Phase 9 — Pricing / Condition Technique
🎯 In plain words
❓ Why it matters
Wrong pricing config = wrong PO values and wrong inventory cost. If freight or duty isn't picked up correctly, the material is undervalued and every downstream figure inherits the error. It also comes up a lot in interviews — the condition technique appears across MM and SD, so understanding it once pays off everywhere.
🧠 Key concepts you must know
1. The condition-technique chain
This is the order that matters — learn it as a chain:
- Condition tables — which key fields a price depends on (e.g. vendor + material).
- Access sequence — the search strategy: a ranked list of condition tables SAP checks, most specific first, until it finds a price.

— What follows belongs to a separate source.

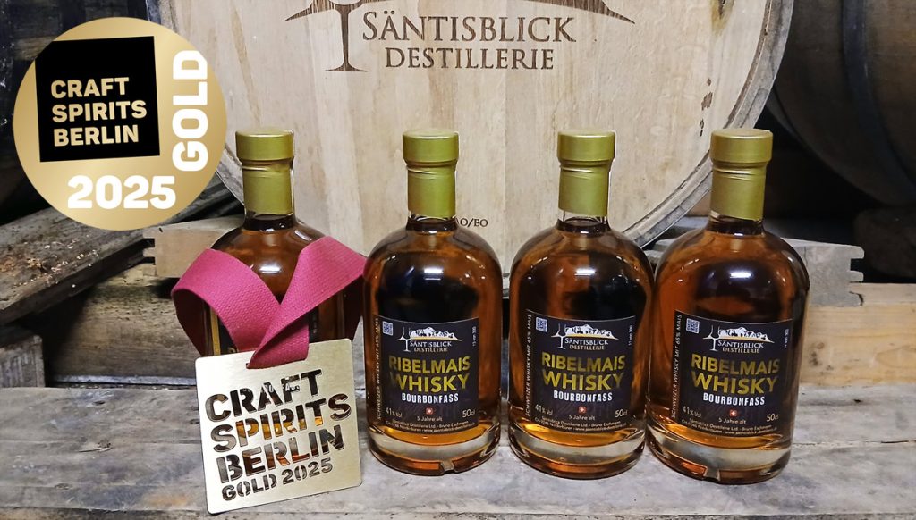 Gold-Award für unseren 5-jährigen Ribelmais-Whisky im Bourbonfass gereift an der Craft Spirits Berlin 2025! Details

- Condition types (M/06) — each ingredient: gross price, a discount, freight, duty…
- Calculation schema (M/08) — the recipe: lists the condition types in sequence and does the maths (the "pricing procedure").
- Schema determination (OMFO) — tells SAP which schema to use, based on the vendor's schema group + purchasing org.
2. The ingredients (condition types)
- Gross price — the starting base price.
- Discounts / surcharges — percentage or absolute, plus or minus.
- Freight & delivery costs — can be planned on the PO and settled later in invoice verification.
- Customs duty — for imports, added as its own condition (see Phase 5).
3. Net vs effective price
- Net price — gross price after discounts/surcharges.
- Effective price — net price including delivery costs, cash discount etc.; the real "all-in" cost.
4. Statistical conditions
A statistical condition is shown in the pricing for information only — it does not change the price actually paid or posted. It's used for things like an expected cash discount or a comparison value, so you can see it without it affecting the total.
🛠️ Do it now — practise alongside
Don't just read — go build it in your IDES. The condition technique only clicks once you've assembled one:
Scenario 21 — Pricing ProcedureThen build a custom condition type in M/06 and add it to the calculation schema in M/08. Create a PO and watch your new condition appear in the price breakdown — that's the whole chain working end to end.
🔗 Connects to
- Phase 4 — Purchasing: pricing is what fills in the price on the PO.
- Phase 8 — Valuation: delivery costs and duty flow from pricing into the material's valuation.
- Phase 5 — Special Procurement: import customs duty is added as a pricing condition.
🎓 Cert focus & quick recall
C_TS452 area ③ (pricing). Expect questions on the order of the condition-technique chain, what an access sequence does, statistical conditions, and where delivery costs/duty fit.
What is the order of the condition-technique chain?
Condition tables → access sequence → condition types (M/06) → calculation schema (M/08) → schema determination (OMFO). Tables define the keys, the access sequence searches them, condition types are the ingredients, the schema adds them up, and determination picks the right schema.
What is an access sequence?
The search strategy for a condition type — a ranked list of condition tables SAP checks from most specific to most general, stopping at the first table that returns a valid condition record.
What is a statistical condition?
A condition displayed for information only — it appears in the pricing breakdown but does not affect the net/effective price that's actually posted (e.g. an expected cash discount).
Where does customs duty fit?
It's added as its own condition type in the calculation schema, typically as a delivery cost for imports, so it loads onto the material's value alongside freight.
✅ You're ready to move on when…
- You can recite the condition-technique chain in order without looking.
- You can explain what an access sequence does and why "most specific first" matters.
- You've built a custom condition type in M/06 and added it to a schema in M/08.